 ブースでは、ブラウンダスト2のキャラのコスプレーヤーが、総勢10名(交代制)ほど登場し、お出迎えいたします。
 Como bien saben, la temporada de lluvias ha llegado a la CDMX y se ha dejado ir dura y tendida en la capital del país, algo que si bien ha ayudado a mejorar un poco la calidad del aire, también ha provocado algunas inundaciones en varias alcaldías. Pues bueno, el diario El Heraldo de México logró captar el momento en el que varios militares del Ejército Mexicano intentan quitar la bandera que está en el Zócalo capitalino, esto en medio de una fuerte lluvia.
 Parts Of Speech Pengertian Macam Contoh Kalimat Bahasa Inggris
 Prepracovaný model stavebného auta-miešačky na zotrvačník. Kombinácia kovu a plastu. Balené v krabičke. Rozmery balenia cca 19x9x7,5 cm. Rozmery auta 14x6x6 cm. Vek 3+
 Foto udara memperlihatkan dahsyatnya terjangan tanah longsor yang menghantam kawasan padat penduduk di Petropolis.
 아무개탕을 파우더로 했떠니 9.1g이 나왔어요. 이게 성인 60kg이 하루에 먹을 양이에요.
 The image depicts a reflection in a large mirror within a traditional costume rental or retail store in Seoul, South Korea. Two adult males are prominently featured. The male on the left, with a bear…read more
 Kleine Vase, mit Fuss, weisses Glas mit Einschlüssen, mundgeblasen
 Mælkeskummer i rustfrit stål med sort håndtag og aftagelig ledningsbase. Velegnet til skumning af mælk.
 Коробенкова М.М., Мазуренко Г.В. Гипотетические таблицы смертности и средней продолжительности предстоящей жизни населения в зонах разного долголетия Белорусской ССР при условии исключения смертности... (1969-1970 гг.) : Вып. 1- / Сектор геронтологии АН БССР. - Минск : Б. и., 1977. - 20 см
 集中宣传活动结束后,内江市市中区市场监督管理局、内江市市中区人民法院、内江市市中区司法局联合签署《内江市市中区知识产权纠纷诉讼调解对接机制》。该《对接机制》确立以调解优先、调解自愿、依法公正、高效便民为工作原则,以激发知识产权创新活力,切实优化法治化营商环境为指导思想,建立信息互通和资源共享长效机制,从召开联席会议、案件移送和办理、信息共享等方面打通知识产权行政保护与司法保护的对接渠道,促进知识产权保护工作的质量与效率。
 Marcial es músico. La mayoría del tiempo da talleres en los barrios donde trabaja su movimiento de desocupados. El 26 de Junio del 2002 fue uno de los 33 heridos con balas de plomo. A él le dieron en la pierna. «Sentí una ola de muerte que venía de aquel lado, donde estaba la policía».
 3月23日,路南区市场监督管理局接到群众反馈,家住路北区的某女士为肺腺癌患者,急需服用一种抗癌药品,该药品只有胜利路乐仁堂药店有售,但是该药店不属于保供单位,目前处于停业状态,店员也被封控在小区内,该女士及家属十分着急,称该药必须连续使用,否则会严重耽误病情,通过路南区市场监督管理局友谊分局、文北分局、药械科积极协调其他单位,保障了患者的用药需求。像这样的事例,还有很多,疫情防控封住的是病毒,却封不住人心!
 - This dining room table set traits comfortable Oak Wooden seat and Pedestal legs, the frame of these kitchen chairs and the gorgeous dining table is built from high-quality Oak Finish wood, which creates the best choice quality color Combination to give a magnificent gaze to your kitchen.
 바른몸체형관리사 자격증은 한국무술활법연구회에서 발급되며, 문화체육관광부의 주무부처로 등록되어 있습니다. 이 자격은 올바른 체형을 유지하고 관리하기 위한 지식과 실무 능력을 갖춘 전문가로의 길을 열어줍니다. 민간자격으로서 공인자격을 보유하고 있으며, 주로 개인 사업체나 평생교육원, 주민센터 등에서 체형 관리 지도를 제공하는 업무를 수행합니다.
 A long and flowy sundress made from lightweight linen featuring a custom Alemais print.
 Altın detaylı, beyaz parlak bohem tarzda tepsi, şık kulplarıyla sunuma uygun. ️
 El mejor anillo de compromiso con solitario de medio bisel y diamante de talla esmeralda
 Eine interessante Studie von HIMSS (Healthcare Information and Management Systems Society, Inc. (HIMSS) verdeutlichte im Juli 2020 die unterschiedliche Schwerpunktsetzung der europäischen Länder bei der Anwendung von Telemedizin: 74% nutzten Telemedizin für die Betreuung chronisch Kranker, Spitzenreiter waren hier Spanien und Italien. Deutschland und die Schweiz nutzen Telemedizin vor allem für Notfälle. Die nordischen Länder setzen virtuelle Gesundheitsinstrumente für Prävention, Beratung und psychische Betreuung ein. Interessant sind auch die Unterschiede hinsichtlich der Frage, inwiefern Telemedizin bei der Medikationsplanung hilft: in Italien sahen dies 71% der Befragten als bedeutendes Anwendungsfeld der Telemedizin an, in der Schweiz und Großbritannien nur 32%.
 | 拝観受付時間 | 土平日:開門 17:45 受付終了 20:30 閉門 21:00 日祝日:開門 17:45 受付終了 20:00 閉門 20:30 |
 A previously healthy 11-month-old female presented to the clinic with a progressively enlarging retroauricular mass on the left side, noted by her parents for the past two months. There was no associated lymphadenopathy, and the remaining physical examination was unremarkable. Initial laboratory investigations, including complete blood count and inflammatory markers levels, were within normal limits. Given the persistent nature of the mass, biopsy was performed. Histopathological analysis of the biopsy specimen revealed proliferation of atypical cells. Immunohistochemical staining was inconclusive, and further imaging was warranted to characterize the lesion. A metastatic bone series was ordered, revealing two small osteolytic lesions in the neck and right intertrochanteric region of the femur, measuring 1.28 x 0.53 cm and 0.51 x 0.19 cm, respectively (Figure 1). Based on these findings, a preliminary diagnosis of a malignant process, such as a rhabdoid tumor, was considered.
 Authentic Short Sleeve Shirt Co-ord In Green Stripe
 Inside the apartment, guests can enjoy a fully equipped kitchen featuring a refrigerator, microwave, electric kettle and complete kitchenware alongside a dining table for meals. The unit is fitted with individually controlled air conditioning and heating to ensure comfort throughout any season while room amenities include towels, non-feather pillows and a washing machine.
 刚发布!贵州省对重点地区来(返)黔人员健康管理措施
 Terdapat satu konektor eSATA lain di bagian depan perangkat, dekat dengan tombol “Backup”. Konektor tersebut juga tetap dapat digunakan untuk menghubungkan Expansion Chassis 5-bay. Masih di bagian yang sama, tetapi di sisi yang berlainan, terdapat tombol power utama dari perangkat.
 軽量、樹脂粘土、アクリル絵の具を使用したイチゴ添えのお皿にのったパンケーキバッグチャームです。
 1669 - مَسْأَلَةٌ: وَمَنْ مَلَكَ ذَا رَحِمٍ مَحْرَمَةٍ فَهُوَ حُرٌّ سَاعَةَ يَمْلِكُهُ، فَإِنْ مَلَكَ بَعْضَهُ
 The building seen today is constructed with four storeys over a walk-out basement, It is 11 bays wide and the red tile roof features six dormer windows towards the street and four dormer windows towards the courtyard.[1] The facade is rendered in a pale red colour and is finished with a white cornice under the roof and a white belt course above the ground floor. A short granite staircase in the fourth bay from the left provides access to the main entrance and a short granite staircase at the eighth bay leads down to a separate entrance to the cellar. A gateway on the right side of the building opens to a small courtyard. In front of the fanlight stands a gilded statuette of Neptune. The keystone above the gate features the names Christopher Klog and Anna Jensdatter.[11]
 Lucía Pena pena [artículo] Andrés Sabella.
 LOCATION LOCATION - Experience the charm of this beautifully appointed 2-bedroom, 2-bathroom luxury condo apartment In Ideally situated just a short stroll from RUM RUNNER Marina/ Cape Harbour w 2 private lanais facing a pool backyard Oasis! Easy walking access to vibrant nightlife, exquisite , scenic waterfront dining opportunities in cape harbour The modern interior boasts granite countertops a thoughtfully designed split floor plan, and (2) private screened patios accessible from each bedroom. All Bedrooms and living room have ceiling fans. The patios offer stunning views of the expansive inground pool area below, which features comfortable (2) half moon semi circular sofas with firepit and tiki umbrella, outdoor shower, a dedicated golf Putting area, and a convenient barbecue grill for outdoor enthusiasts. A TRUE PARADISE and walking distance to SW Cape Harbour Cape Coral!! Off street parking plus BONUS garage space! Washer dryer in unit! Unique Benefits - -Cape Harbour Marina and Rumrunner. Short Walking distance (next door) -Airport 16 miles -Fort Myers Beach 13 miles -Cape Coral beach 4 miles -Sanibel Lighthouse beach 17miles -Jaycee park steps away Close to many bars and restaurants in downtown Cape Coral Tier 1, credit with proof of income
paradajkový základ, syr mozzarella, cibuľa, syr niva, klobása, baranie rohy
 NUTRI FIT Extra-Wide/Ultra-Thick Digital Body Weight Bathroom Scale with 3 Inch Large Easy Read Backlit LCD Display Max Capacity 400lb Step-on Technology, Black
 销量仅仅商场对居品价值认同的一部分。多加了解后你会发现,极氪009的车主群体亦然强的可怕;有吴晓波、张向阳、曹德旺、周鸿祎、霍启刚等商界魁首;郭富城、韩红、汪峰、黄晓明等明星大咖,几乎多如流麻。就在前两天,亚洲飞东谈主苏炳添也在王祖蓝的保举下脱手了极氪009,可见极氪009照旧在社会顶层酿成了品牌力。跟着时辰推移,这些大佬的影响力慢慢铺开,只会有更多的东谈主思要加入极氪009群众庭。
*****
**Exercise instructions:** In the entries above, restate word for word the lines between the one holding "Altın detaylı, beyaz" and the one holding "El mejor anillo", inclusive, and nothing besides.

**Answer section:**
 Altın detaylı, beyaz parlak bohem tarzda tepsi, şık kulplarıyla sunuma uygun. ️
 El mejor anillo de compromiso con solitario de medio bisel y diamante de talla esmeralda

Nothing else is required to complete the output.